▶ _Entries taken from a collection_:
※

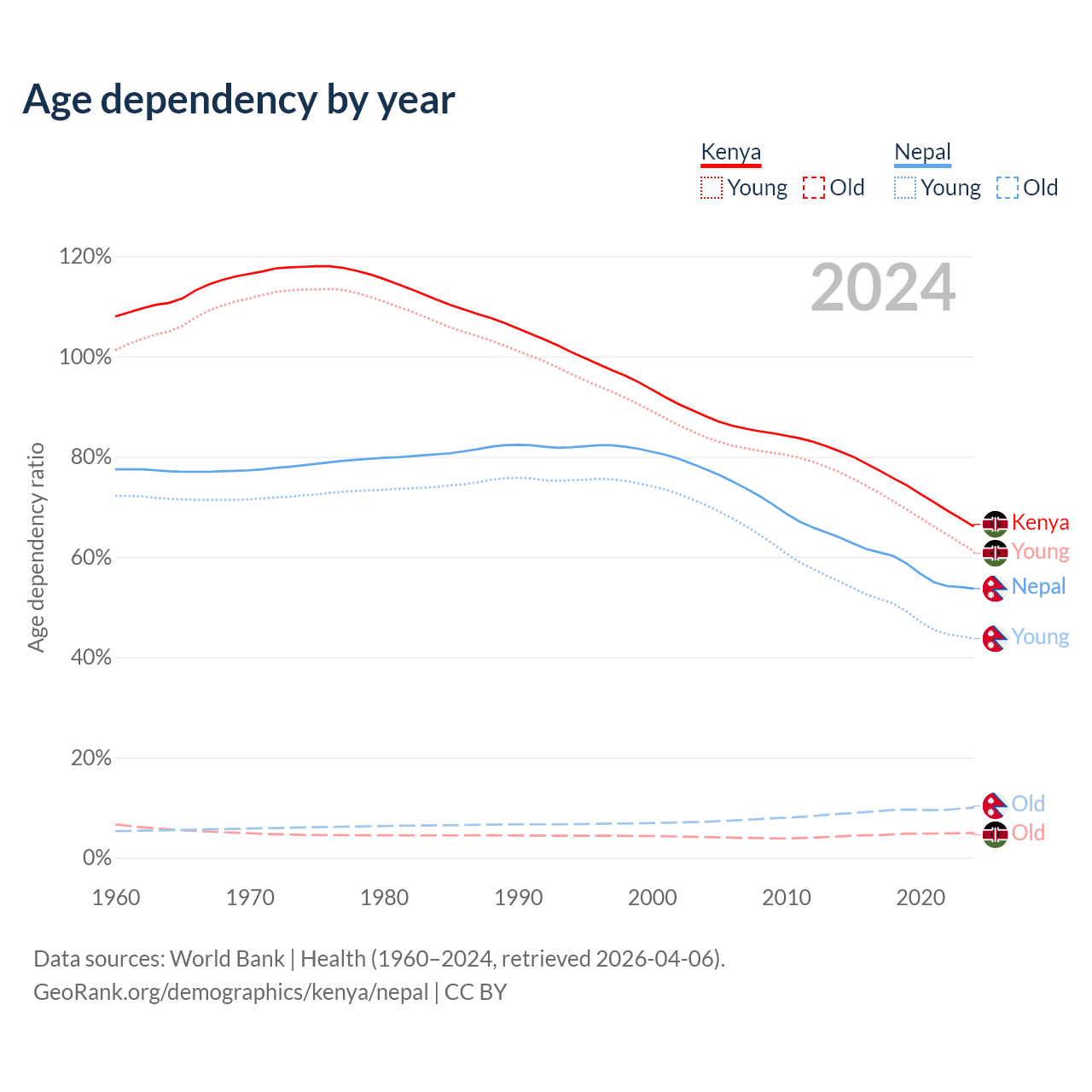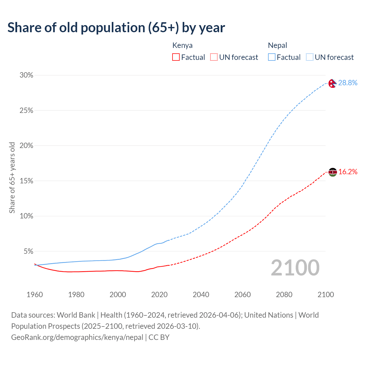 The share of older people aged 65 and over is 2.97% in Kenya and 6.5% in Nepal. Life expectancy in Kenya compared to Nepal .
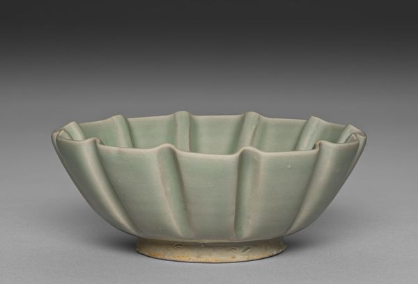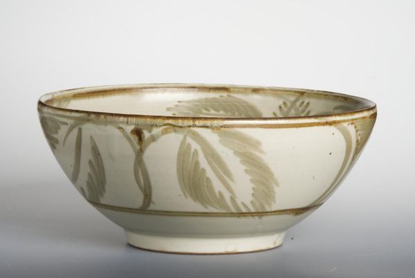 Curator: This is Richard Batterham’s simply titled "Bowl," residing here in the Tate Collection. Editor: The bowl has a quiet, almost serene quality to it. It's unassuming, yet the craftsmanship is evident. Curator: Precisely. Batterham was known for his commitment to traditional pottery methods and using locally sourced clay. He highlights the inherent qualities of the material. Editor: You can see the maker's hand in the subtle imperfections of the glaze. The repeated geometric pattern around the bowl feels almost like an industrial mimicry, yet it still holds the warmth of handmade design. It's a fascinating tension. Curator: It's tempting to interpret those subtle marks as an expression of the artist's intent, a desire to merge form and function in a harmonious whole. Editor: Perhaps, but I also think it reflects the value of labor and the beauty found in the everyday object. It bridges the gap between art and utility. Curator: Indeed, seeing it this way expands the narrative from the aesthetic to the socio-economic. Editor: Looking at it with that perspective, it’s a reminder of art’s connection to the processes of crafting, forming, and molding.
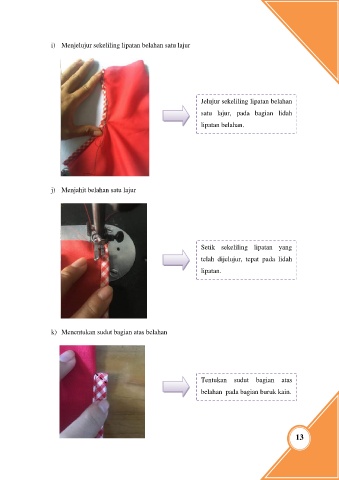j) Menjahit belahan satu lajur
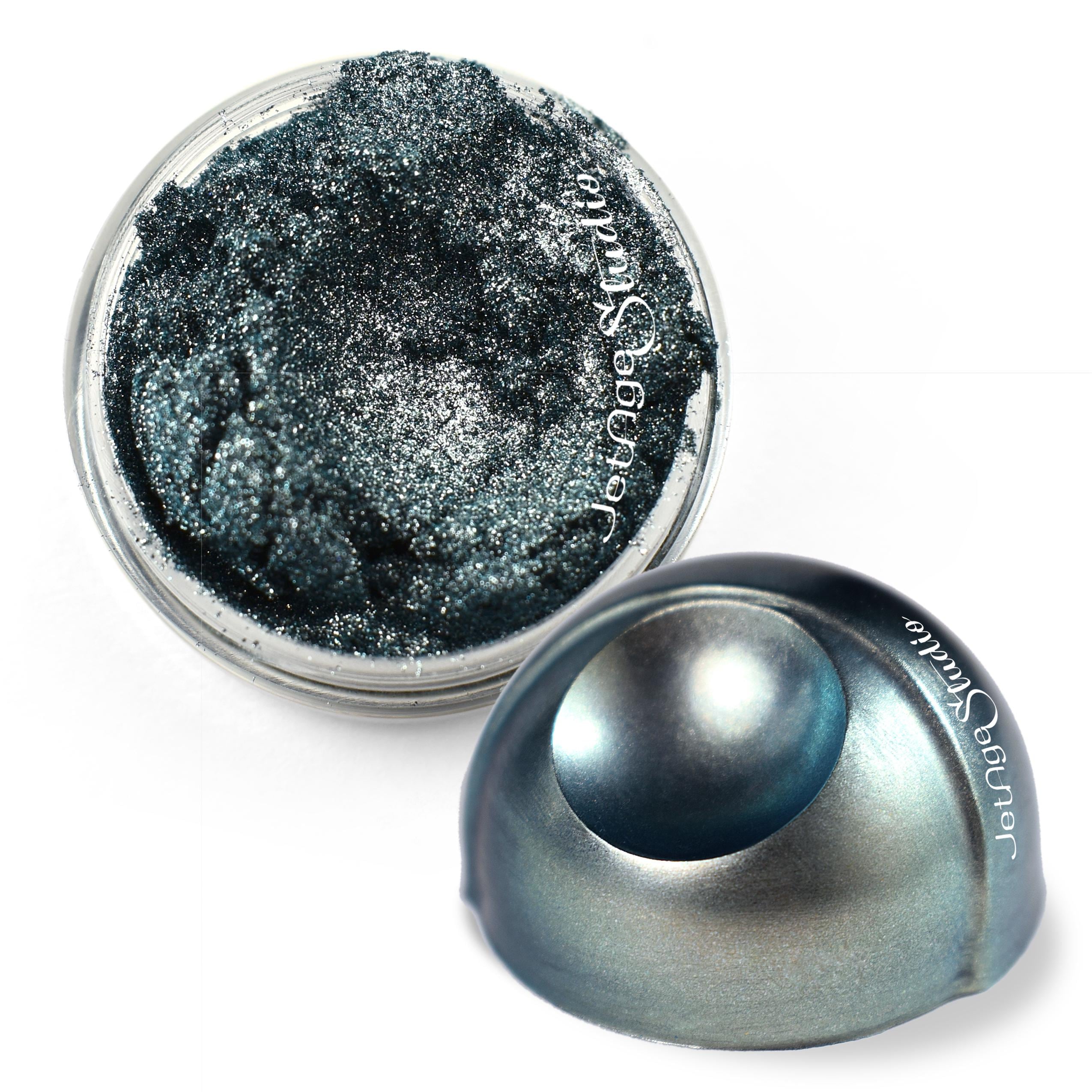 The Silk Series Chameleon Chrome powders are here! "Steel Blue" is a silky soft color shifting powder that has chroming qualities, especially when burnished over a tacky surface. The colors in this series are metallic, muted, color shifting and creates a silky smooth effect. A fun departure from the common highly intense colored powders we carry! The resin dome samples of each show the pigments brushed into the silicone shape mold and filled with black resin. They can also be mixed into clear resin for a completely different effect. Absolutely stunning as nail art or used in eye makeup. Cosmetic grade, but can be used in a multitude of creative art mediums such as resin, clear paint bases, polymer clay and varnishes. Endless application possibilities!
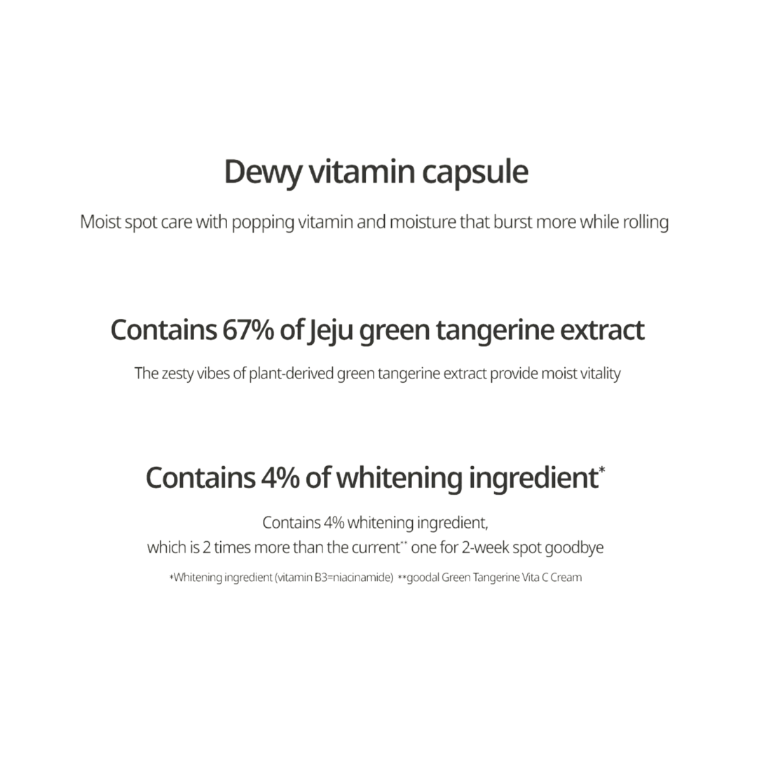 This moisturizing and brightening cream uses Vita Capsules containing refreshing Vitamin C derivatives that pop out moisture and vitamins over your skin. Vita-C Dark Spot Care Cream uses organic, safe, and pesticide free green tangerines that help hydrate, manage blemishes, and lighten dark spots over time. The tiny capsules of nutrients disappear as they absorb into your skin, giving you a noticeably dewy and brighter complexion. This zesty cream contains 67% of Jeju Green Tangerine Extract and 4% Niacinamide.
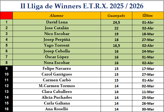*La classificació completa i actualitzada de la Lliga de Winners,
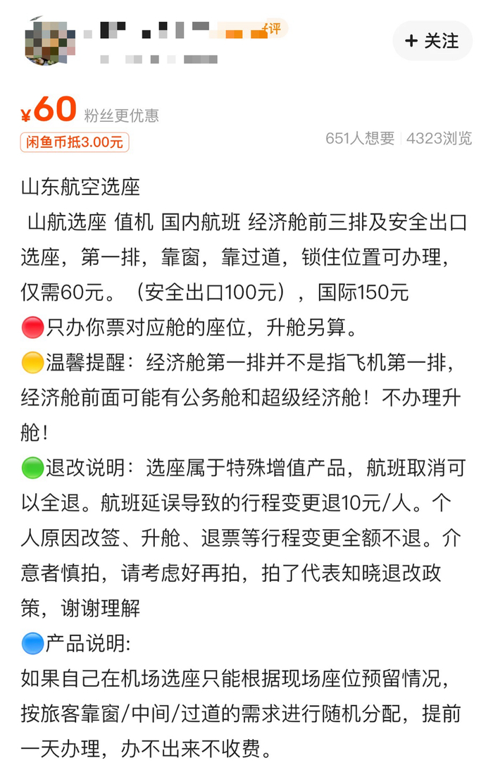其中,一位叫“山航升舱专业户”的网友写到,“可办理航班选座服务,第一排靠窗靠过道60元,安全出口100元,国际150元。”有消费者留言,“非常好帮订票还给截图,很靠谱!”李某表示,当前部分航司在选座规则上并未做到合理、透明,座位管理和消费者体验也没有做到平衡。
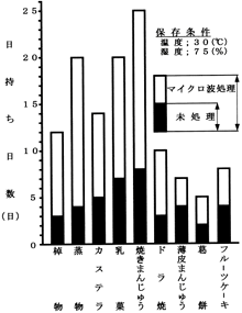 各種菓子類の日持ちが未処理のものに対してマイクロ波加熱したものの方が2~4倍程度長くなることが判る。これらの加熱処理には発振出力数kWのバッチ式マイクロ波加熱装置と数kW~十数kWのコンベヤ形マイクロ波加熱装置が多用されている。
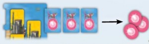 C’est lors de cette phase que nous pouvons interagir avec le marché noir en vendant des ressources précieuses (lampes, pistons, etc), pour avoir des jetons de connaissances.
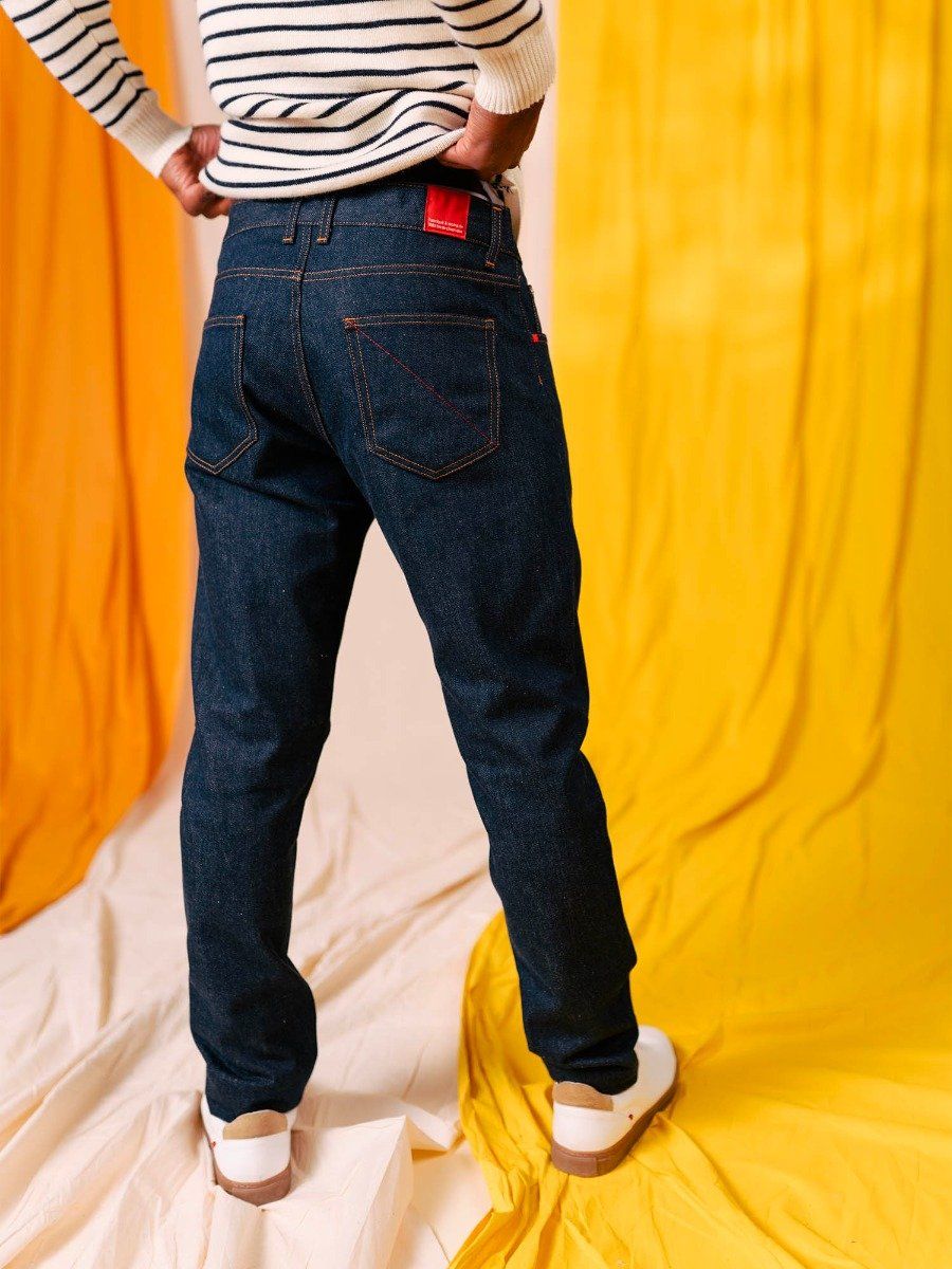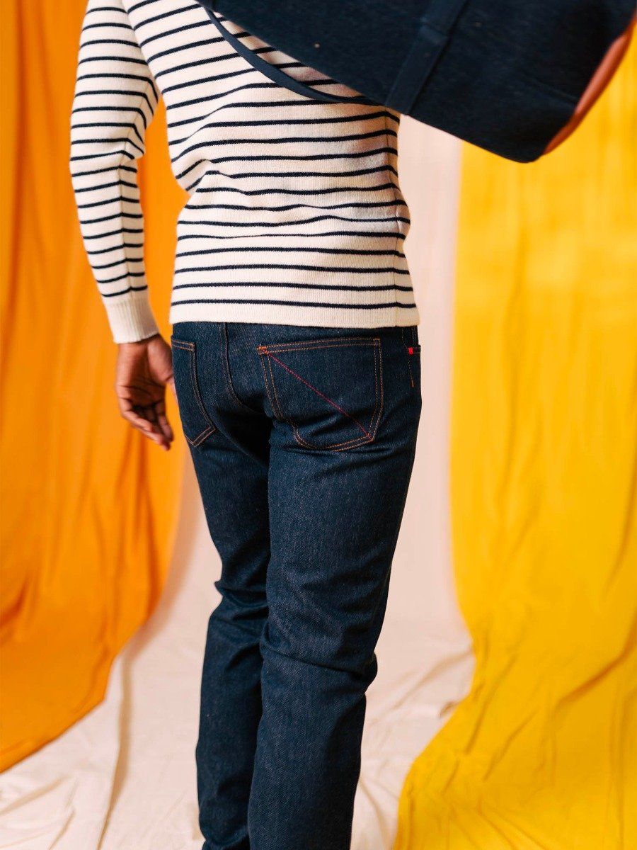 - Précautions : La teinture indigo "dégorge" naturellement. Il est impératif de le laver avant le premier porté pour protéger vos vêtements clairs et vos sneakers blanches.

※

Output the records above exactly as they are, leaving out the pictures.

 The share of older people aged 65 and over is 2.97% in Kenya and 6.5% in Nepal. Life expectancy in Kenya compared to Nepal .
 Curator: This is Richard Batterham’s simply titled "Bowl," residing here in the Tate Collection. Editor: The bowl has a quiet, almost serene quality to it. It's unassuming, yet the craftsmanship is evident. Curator: Precisely. Batterham was known for his commitment to traditional pottery methods and using locally sourced clay. He highlights the inherent qualities of the material. Editor: You can see the maker's hand in the subtle imperfections of the glaze. The repeated geometric pattern around the bowl feels almost like an industrial mimicry, yet it still holds the warmth of handmade design. It's a fascinating tension. Curator: It's tempting to interpret those subtle marks as an expression of the artist's intent, a desire to merge form and function in a harmonious whole. Editor: Perhaps, but I also think it reflects the value of labor and the beauty found in the everyday object. It bridges the gap between art and utility. Curator: Indeed, seeing it this way expands the narrative from the aesthetic to the socio-economic. Editor: Looking at it with that perspective, it’s a reminder of art’s connection to the processes of crafting, forming, and molding.
j) Menjahit belahan satu lajur
 The Silk Series Chameleon Chrome powders are here! "Steel Blue" is a silky soft color shifting powder that has chroming qualities, especially when burnished over a tacky surface. The colors in this series are metallic, muted, color shifting and creates a silky smooth effect. A fun departure from the common highly intense colored powders we carry! The resin dome samples of each show the pigments brushed into the silicone shape mold and filled with black resin. They can also be mixed into clear resin for a completely different effect. Absolutely stunning as nail art or used in eye makeup. Cosmetic grade, but can be used in a multitude of creative art mediums such as resin, clear paint bases, polymer clay and varnishes. Endless application possibilities!
 This moisturizing and brightening cream uses Vita Capsules containing refreshing Vitamin C derivatives that pop out moisture and vitamins over your skin. Vita-C Dark Spot Care Cream uses organic, safe, and pesticide free green tangerines that help hydrate, manage blemishes, and lighten dark spots over time. The tiny capsules of nutrients disappear as they absorb into your skin, giving you a noticeably dewy and brighter complexion. This zesty cream contains 67% of Jeju Green Tangerine Extract and 4% Niacinamide.
*La classificació completa i actualitzada de la Lliga de Winners,
其中,一位叫“山航升舱专业户”的网友写到,“可办理航班选座服务,第一排靠窗靠过道60元,安全出口100元,国际150元。”有消费者留言,“非常好帮订票还给截图,很靠谱!”李某表示,当前部分航司在选座规则上并未做到合理、透明,座位管理和消费者体验也没有做到平衡。
 各種菓子類の日持ちが未処理のものに対してマイクロ波加熱したものの方が2~4倍程度長くなることが判る。これらの加熱処理には発振出力数kWのバッチ式マイクロ波加熱装置と数kW~十数kWのコンベヤ形マイクロ波加熱装置が多用されている。
 C’est lors de cette phase que nous pouvons interagir avec le marché noir en vendant des ressources précieuses (lampes, pistons, etc), pour avoir des jetons de connaissances.
 - Précautions : La teinture indigo "dégorge" naturellement. Il est impératif de le laver avant le premier porté pour protéger vos vêtements clairs et vos sneakers blanches.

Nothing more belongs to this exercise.